> **What to work on**
Starting from the line with "j. crew fair" and going up to and including the line with "必做 / 见闻 / 留影", copy the listing below exactly. Leave all images out.

> **Data**
┄┄┄┄┄┄┄┄┄┄

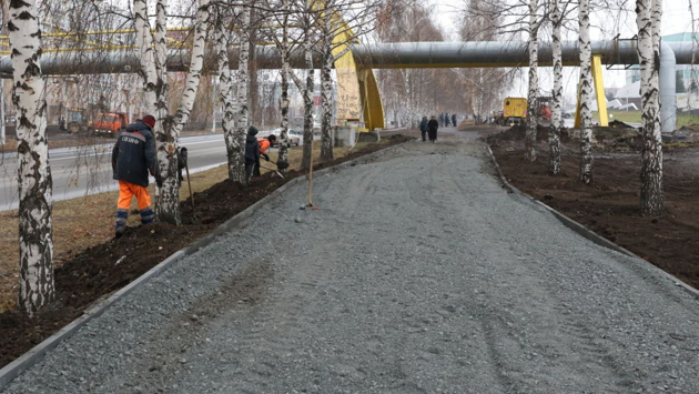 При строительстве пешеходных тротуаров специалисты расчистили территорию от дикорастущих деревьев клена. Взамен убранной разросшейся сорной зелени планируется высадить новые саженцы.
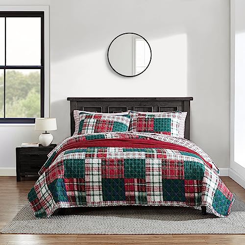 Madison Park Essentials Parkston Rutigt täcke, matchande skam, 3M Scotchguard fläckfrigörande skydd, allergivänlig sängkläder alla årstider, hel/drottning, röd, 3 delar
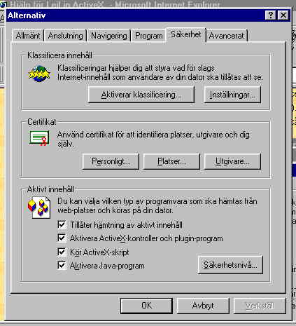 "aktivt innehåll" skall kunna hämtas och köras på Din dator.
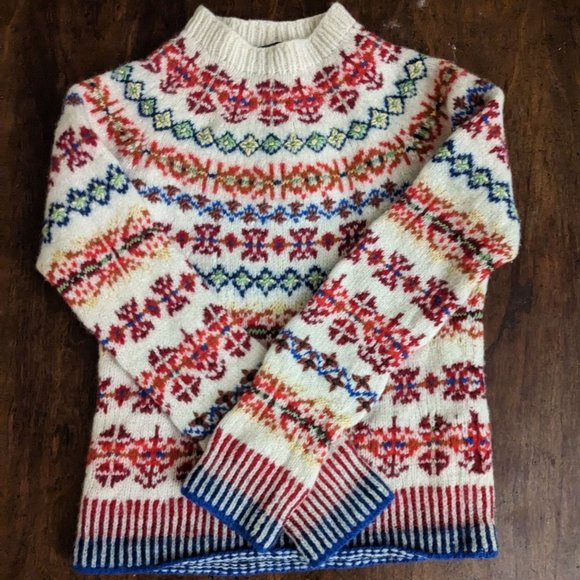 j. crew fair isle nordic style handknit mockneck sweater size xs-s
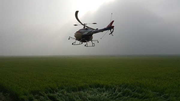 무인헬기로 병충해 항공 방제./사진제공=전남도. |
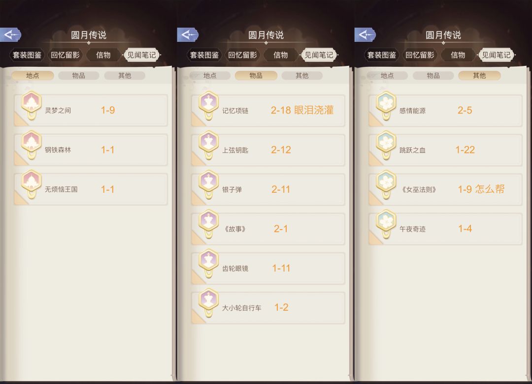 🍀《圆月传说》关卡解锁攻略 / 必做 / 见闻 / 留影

┄┄┄┄┄┄┄┄┄┄

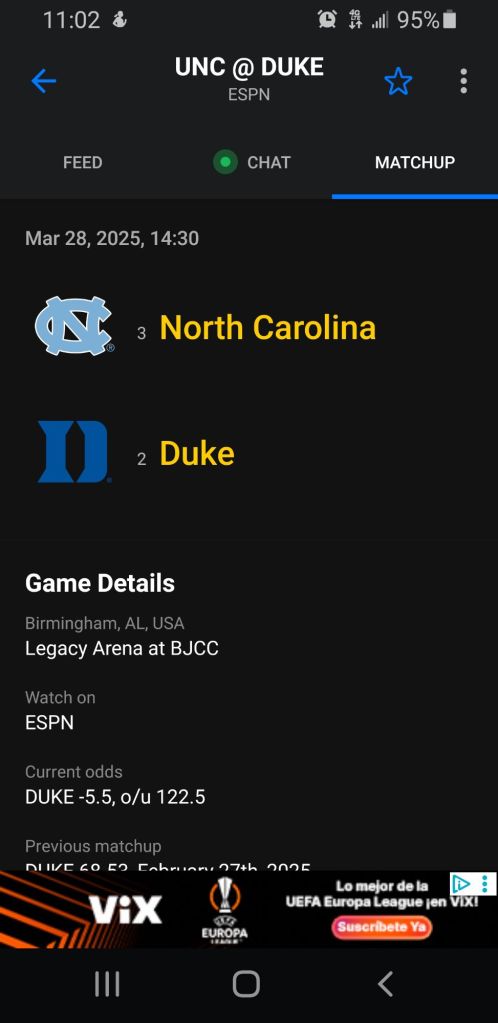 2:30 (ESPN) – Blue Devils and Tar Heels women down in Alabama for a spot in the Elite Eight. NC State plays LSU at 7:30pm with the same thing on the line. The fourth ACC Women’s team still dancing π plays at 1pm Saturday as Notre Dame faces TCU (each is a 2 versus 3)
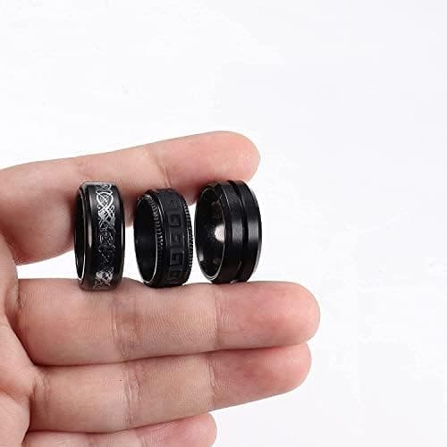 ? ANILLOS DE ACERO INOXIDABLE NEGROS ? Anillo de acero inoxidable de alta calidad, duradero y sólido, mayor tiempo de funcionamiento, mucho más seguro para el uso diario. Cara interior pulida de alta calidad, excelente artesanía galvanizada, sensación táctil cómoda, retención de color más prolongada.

┄┄┄┄┄┄┄┄┄┄

> **Task answer**
 j. crew fair isle nordic style handknit mockneck sweater size xs-s
 무인헬기로 병충해 항공 방제./사진제공=전남도. |
 🍀《圆月传说》关卡解锁攻略 / 必做 / 见闻 / 留影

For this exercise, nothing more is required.